It's grunge versus disco balls in the tale of two halves; one average, the other superb.
And you know what? It exceeded those expectations.
Not at first, mind. At first I played Lost and the Damned. Johnny Klebitz is a biker for the Lost -- Hell's Angels in videogame form -- who's disquieted by his boss' propensity for violence. Not that he baulks at unloading a shotgun shell into someone's face, but he sure does complain. As a whole, Lost and the Damned is a pretty uninteresting addition to the GTA lore. There's a greater reliance on bikes, as you'd expect, but the missions feel lifted from Niko Bellic's adventure some twelve months before. There's very little to get excited about. Klebitz isn't even a particularly likeable protagonist, and his safe houses are filled with drum-bashing, guitar-riffing, scream-heavy metal music, which fits the game's theme, but wears thin after extended play.

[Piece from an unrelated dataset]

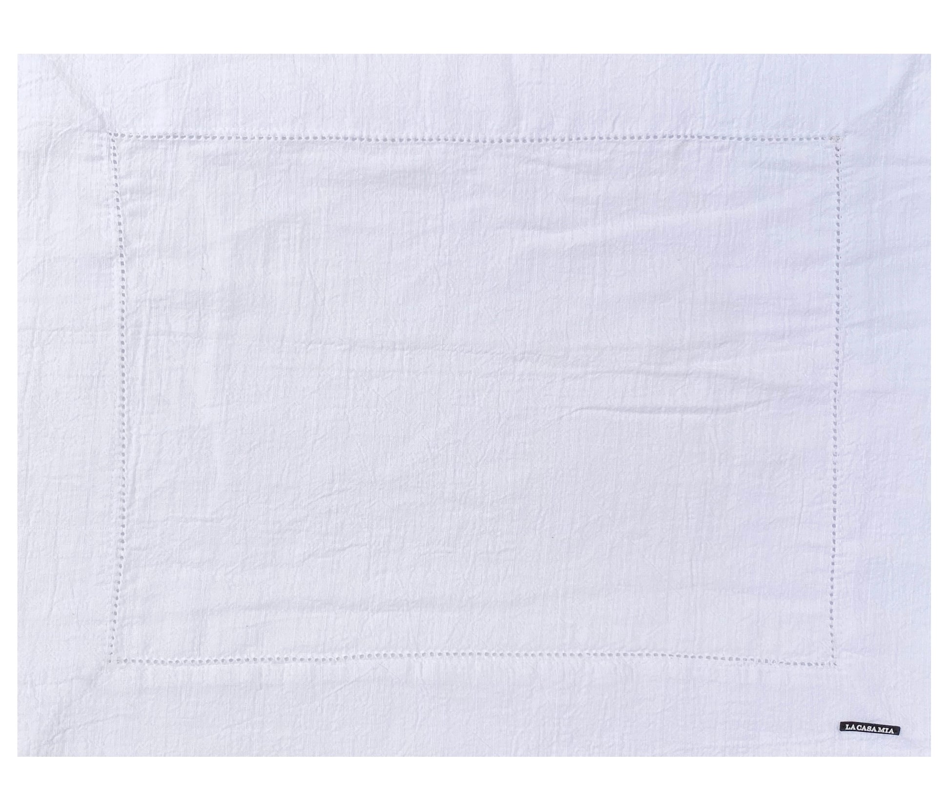 Individual de lino con deshilado en “blanco”

Admittedly Rockstar do a good job of differentiating the seedy biker underworld from GTA IV, if only in appearance. The menus and load-screens have been given a face-lift with a changed font to boot. But the grainy, graphical filter that pervades the game (and comes by default) looks utterly horrid. Yes, I'm aware that Rockstar are going for a grunge look, but for the first hour I thought there was something wrong with my disc, before discovering that the option could be turned off.
By the game's end I wasn't so much worried as indifferent. I'd had fun, I'd killed some people and I'd devoured the story in one or two sittings, good going for a game of six or seven hours. So yes, it was fun. But nothing much more than that.
Think grunge. As dour as your sour-faced grandma.
Then I moved on to Ballad of Gay Tony.
Think pink neon lights! Disco balls! Dancing! Clubs! Wealthy debauchery!
Here we get the best Rockstar game yet. Perhaps I'm more inclined to going out to clubs and having fun than sitting in a dingy bar with my biker mates, leather jacket slung over a puke-tinged bar stool, but the Ballad of Gay Tony is infinitely better than Lost. There's more to do, more fun to be had, more variety on offer and a far more likeable -- yet just as morally dubious -- set of characters. It's as if Rockstar spent years surrounding themselves in kitsch, club-obsessed culture before undertaking the game, for the atmosphere is perfect. And the characters too. Their stories are told with remarkable restraint. Not one character is over-told, over-played and acted. Nothing seems forced in this story, merely entirely natural. The politician who bears all for Luiz Lopez in a calm, deadpan manner, Tony Prince who means well but falls prey to the fallacies of drugs, Luiz Lopez himself; Rockstar does what most literature fails to do: it presents characters that commit crimes, yet ensures you're rooting for them all the way.
It looks good too, though the most noticeable improvement is in the framerate. Surface changes to the font, menu and load-screens are also present, and not once will you feel like you're trekking down well-worn territory, for Ballad eeks out a considerably difference experience.
In fact, it's probably too good. There's no way another Liberty City game can top this. At least, not for a few years still. The Ballad of Gay Tony is the pinnacle. The best. I look forward to seeing what's next, in a new environ. Oh, and the Lost and the Damned… play that first just to delay the brilliance that follows.